C’est toujours avec des morts qu’on reparle d’Israël et de la Palestine.

C’est seulement à l’occasion d’attentats ou de représailles que cette partie du monde se rappelle à notre souvenir. Comme si la violence était la seule chose bien vivante là-bas. Derrière le calme apparent de ces dernières années, les Palestiniens n’ont pas renoncé à leur droit d’avoir un pays indépendant.

On sait que les forces de sécurité israéliennes interpellent et arrêtent régulièrement des personnes soupçonnées d’avoir des projets d’attaque contre Israël. Et que les colonies n’ont jamais cessé de sortir de terre.

Depuis plus de soixante-dix ans, chaque génération de Palestiniens et d’Israéliens revit la même chose : lutter pour l’existence de son pays. Les rides et les dos voûtés des uns et des autres racontent la même histoire : des guerres, des morts, des attentats, des représailles, des roquettes et des arrestations.

Les Palestiniens et les Israéliens de 2023, ceux de la génération Z, qui ont autour de 20 ans, reprennent la lutte là où leurs parents et leurs grands-parents l’avaient laissée.
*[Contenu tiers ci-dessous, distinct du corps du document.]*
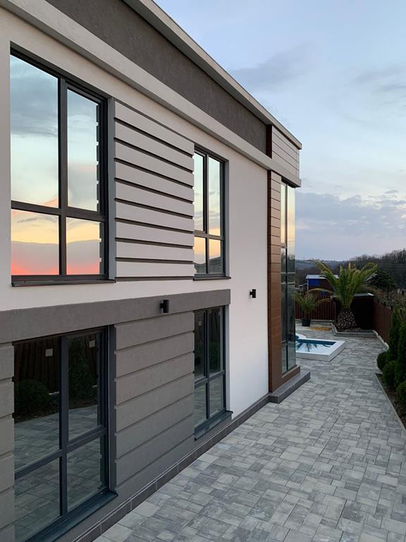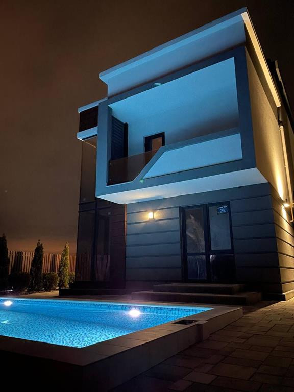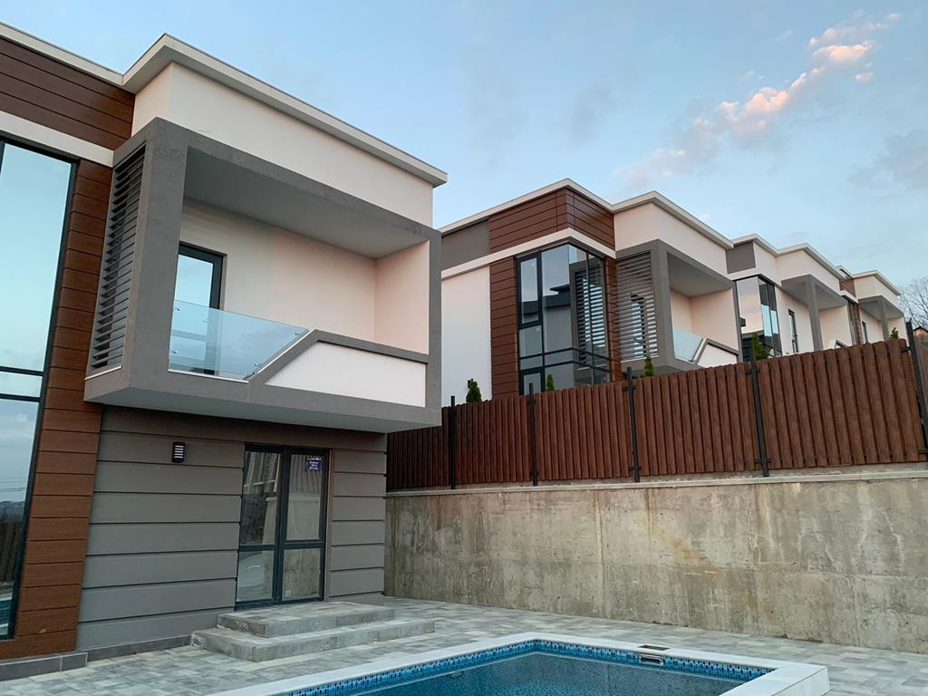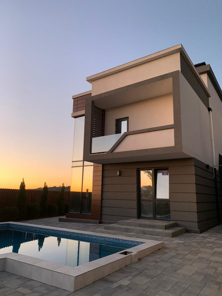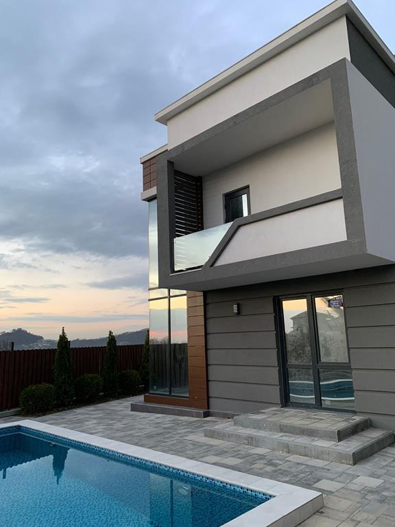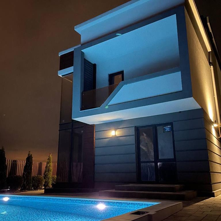 Двухэтажный дом с бассейном.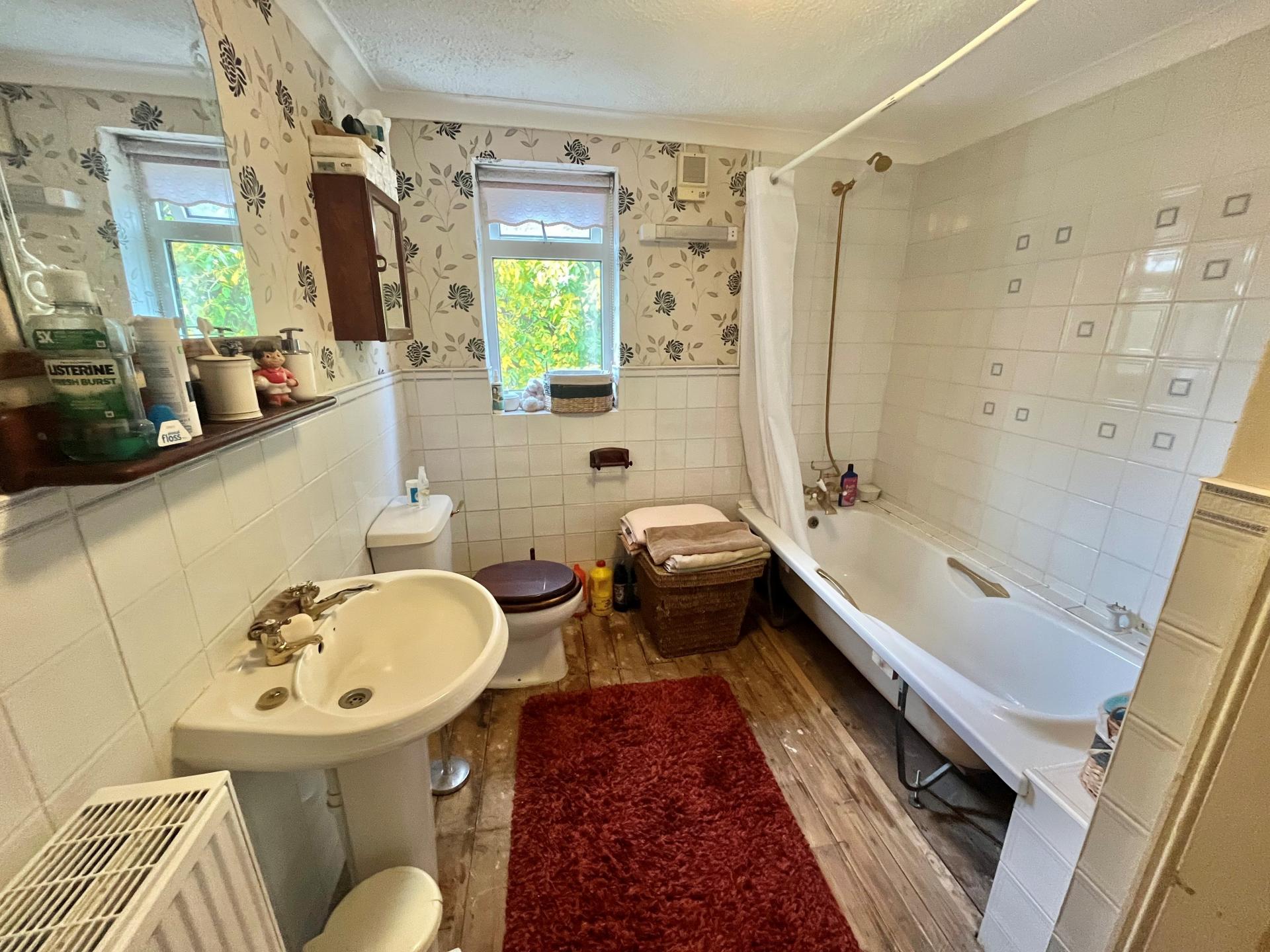 BATHROOM 10' 2" x 7' 8" (3.10m x 2.35m) Half tiled walls, fitted three piece suite comprising bath with mixer tap and shower attachment, pedestal wash hand basin, low level WC, radiator, coved and textured ceiling, ceiling light, shaver point with courtesy light, UPVC window, Airing Cupboard housing the hot water cylinder and solar panel controls.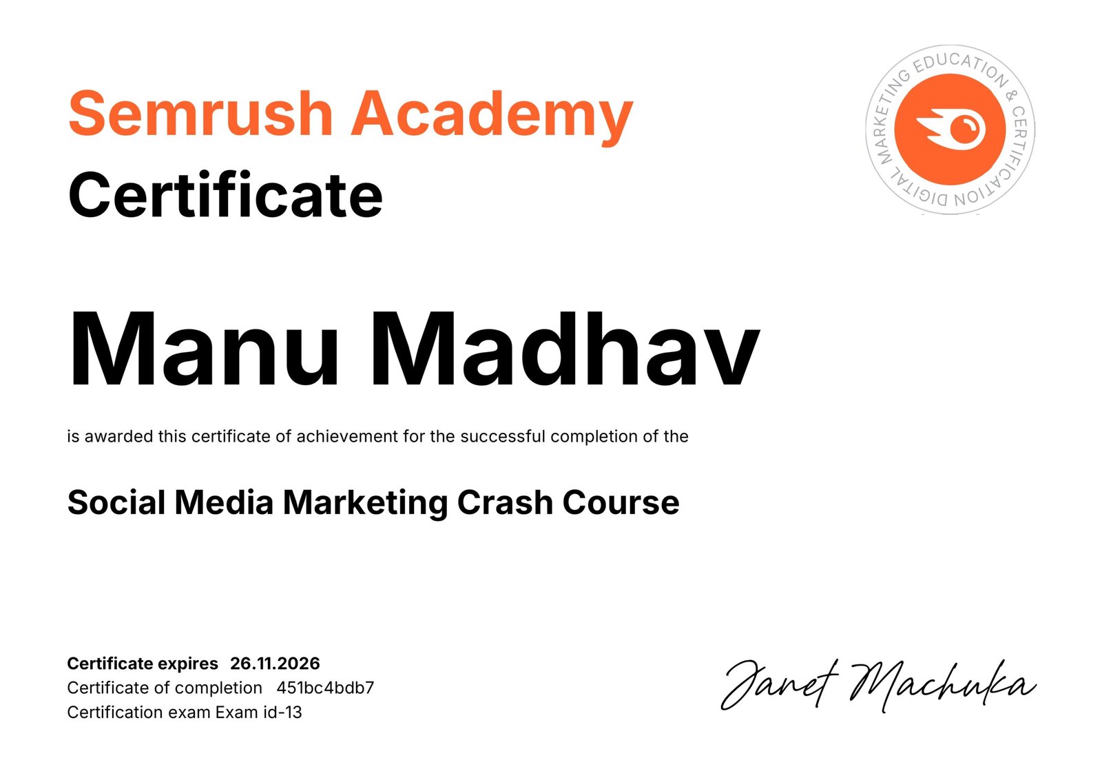 I’m Manu Madhav, an aspiring digital marketing executive from Palakkad, Kerala, who completed 12th in commerce and B.Com in Computer Applications, and after gaining experience in a client-facing marketing role, to becoming the best digital marketer in Palakkad

La différence est qu’aujourd’hui les colonies n’ont jamais été aussi nombreuses, que des pays arabes font du business avec Israël et que ceux prêts à se mouiller pour défendre la cause palestinienne sont de plus en plus rares.
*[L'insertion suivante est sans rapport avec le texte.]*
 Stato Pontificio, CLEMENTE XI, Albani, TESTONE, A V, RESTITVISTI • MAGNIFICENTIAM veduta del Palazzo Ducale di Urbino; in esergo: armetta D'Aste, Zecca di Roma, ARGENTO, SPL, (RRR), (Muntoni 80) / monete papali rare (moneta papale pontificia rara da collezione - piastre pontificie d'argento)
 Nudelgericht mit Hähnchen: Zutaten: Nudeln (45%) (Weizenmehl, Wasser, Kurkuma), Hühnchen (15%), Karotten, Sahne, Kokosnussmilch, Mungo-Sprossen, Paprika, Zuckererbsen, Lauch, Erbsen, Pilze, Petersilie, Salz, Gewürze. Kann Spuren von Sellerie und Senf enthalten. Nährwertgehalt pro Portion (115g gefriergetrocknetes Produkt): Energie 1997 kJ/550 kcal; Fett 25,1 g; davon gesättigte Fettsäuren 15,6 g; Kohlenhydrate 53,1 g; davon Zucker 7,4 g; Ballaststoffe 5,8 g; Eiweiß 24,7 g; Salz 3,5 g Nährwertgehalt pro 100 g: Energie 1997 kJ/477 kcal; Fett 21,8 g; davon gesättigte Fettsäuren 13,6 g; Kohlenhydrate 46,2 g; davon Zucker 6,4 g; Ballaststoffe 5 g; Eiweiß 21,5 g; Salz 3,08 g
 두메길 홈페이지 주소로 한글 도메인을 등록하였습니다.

Les Palestiniens n’ont pas d’autre alliée que la compassion qu’on veut bien leur accorder, ce qui, en langage diplomatique, ne pèse pas bien lourd.

C’est toujours par un partage de territoire que la paix a pu être obtenue

On aimerait comprendre comment une cause juste, celle qui consiste à défendre son pays, sa sécurité et son indépendance, est devenue si difficile à mettre en œuvre des deux côtés du mur. Pourtant, les conflits où se sont entretués des peuples, mais qui ont fini par se résoudre un beau jour, ne manquent pas dans l’histoire moderne. Et c’est toujours par un partage de territoire que la paix a pu être obtenue.
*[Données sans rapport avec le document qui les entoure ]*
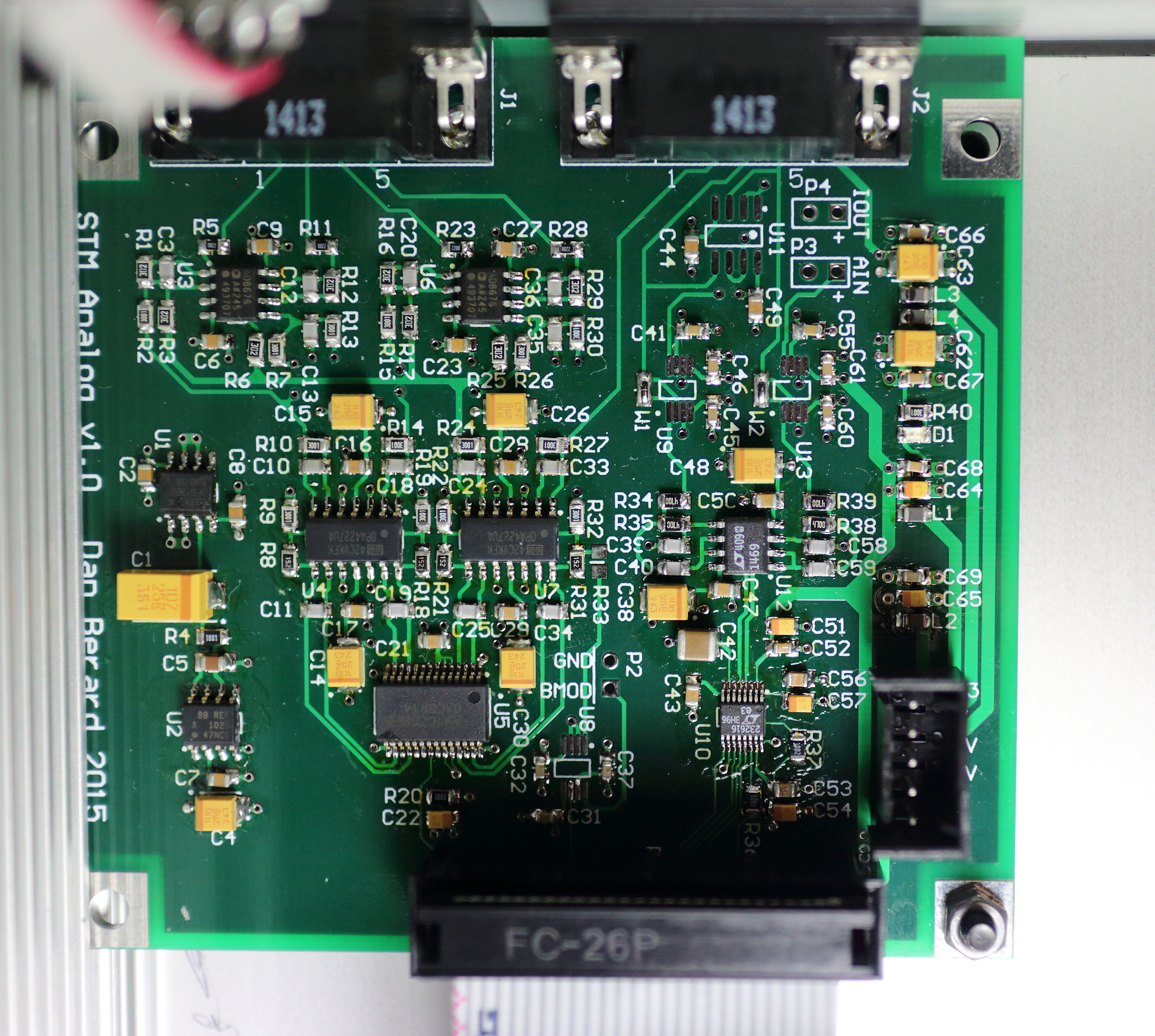 I’ve recently created a PCB for my STM project and updated the electronics page. I’m now using digital feedback and linearizing the tunneling current data in software using a logarithmic lookup table. This really stabilized the feedback loop and I’m now able to get atomic resolution in constant current mode, something which I just couldn’t get to work with the previous analog feedback loop. I’m also using sigma-delta modulation to increase the resolution of the scanner drive signals from 16-bit to 20-bit. The previous electronics page describing the breadboard prototype with analog feedback is still available and can be found here. I’ve also added some images acquired with the new system to the gallery.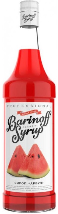 Сироп Barinoff "Арбуз" имеет красновато-алый оттенок, тягучую густую консистенцию и свежий и запоминающийся вкусоаромат с яркими арбузными оттенками, передающими весь многообразный букет всеми любимого природного десерта. Применяется в различных холодных коктейлях, в качестве пропитки выпечки.

En 1947, la partition d’une partie de l’Inde aboutit à la création du Pakistan, au profit de la communauté musulmane, et ce au prix de centaines de milliers de morts et de 12,5 millions de personnes déplacées.

En 2011, le Soudan s’est séparé d’un quart de son territoire pour le destiner aux chrétiens, et réserver l’autre partie, située au nord, aux musulmans. En Yougoslavie, la guerre entre les Serbes orthodoxes, les Croates catholiques et les Bosniaques musulmans s’est terminée, après une boucherie et quelques charniers, par un partage du pays défini dans les accords de Dayton de 1995.

Pourquoi ce qui est possible ailleurs dans le monde ne l’est toujours pas entre Israéliens et Palestiniens ? Il y a quelque chose qui pervertit ce conflit depuis le début : chaque camp n’envisage son existence qu’après la destruction totale de son adversaire. Israël n’imagine pas cohabiter avec une Palestine indépendante qui userait des prérogatives de n’importe quel État libre, comme celle de posséder une année équipée de matériels militaires modernes, bien plus performants que les roquettes artisanales qui tombent sur l’État hébreu en provenance de la bande de Gaza.

Quant aux Palestiniens, un certain nombre d’entre eux n’imaginent pas une Palestine sans avoir au préalable détruit Israël, qui, selon eux, a été créé en 1948 par les Occidentaux pour donner aux Juifs un territoire, et se faire pardonner leur rôle dans la Shoah. On pouvait espérer que les nouvelles générations de Palestiniens et d’Israéliens, celles qui n’ont pas connu les guerres de 1948, de 1967 et de 1973, aient l’esprit plus libre que leurs aînés, s’affranchissent des rancœurs passées et trouvent enfin le moyen de discuter et de mettre fm à ce conflit infernal.

Cela ne semble pas être le cas. Comme si chaque génération était prisonnière des précédentes et se devait de poursuivre la même stratégie comme on perpétue une tradition familiale. Obéir à sa famille ou obéir à sa conscience ? La famille ou la paix ? Les jeunes Palestiniens et Israéliens d’aujourd’hui donneront-ils une meilleure réponse à cette question que leurs pères ?

On aimerait bien croire qu’on pourra voir un jour cela de notre vivant.